Twice in the past 24 hours, the first time with a stranger while riding the subway and the second with my doctor while I was having an ultrasound on my neck, have I found myself enthusing about Slow Horses, the mystery series by Mick Herron that’s been turned into an acclaimed series on Apple TV, and about how the character played by Gary Oldman in the show (Jackson Lamb) is always farting. I absolutely love this in our age of fragmented culture, and wonder who I’ll be discussion Lamb’s flatulence with tomorrow.
Possibly I’m failing to impress upon you how good these books are…
Unlike those I was talking to, I haven’t seen the show, but did spend a cozy snowstorm long weekend with the first book in the series, which I loved. (My husband is currently reading Dead Lions, the second book, and he’s enjoying that one too.) It’s a novel about spies whose mistakes and misadventures have sent them to Slough House, the place where misfit MI5 agents go to die (and hence the name for them, the Slow Horses)…until a high profile kidnapping case ends up in their lap. Jackson Lamb is their most uninspiring boss whose faith in them is nil. And yet.

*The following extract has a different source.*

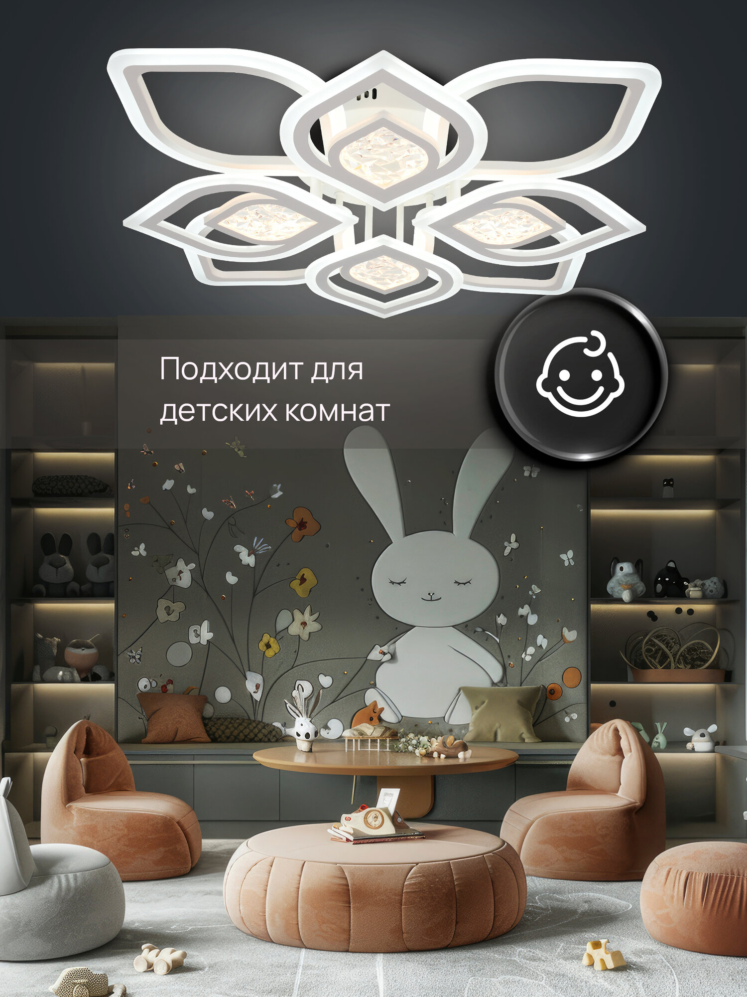 Люстра потолочная светодиодная Семь Огней, белая с пультом для спальни, для кухни

What struck me most about Slow Horses—in addition to it being quite gripping—was its prescience. Published in 2010, and including a narrative thread about a Boris Johnson-esque figure with his eye on Number 10, the idea of far-right racist views being held by mainstream figures might have seemed far fetched at the time, but not so much now. After a massive cock-up, Slow Horse River Cartwright has only managed to stay in MI5 because of his grandfather, a former agent, who, when the two are discussing a journalist exposed for gross racist and nationalist views, explains to him that “[the journalist] wasn’t excommunicated because of his beliefs. It was because there are certain beliefs you’re supposed to keep under wraps if you want to dine at the High Table.” Which, in light of the capitulation of so many (powerful) people to the current US administration’s terrifying authoritarian agenda, seems awfully true, and they’re not even hiding anymore.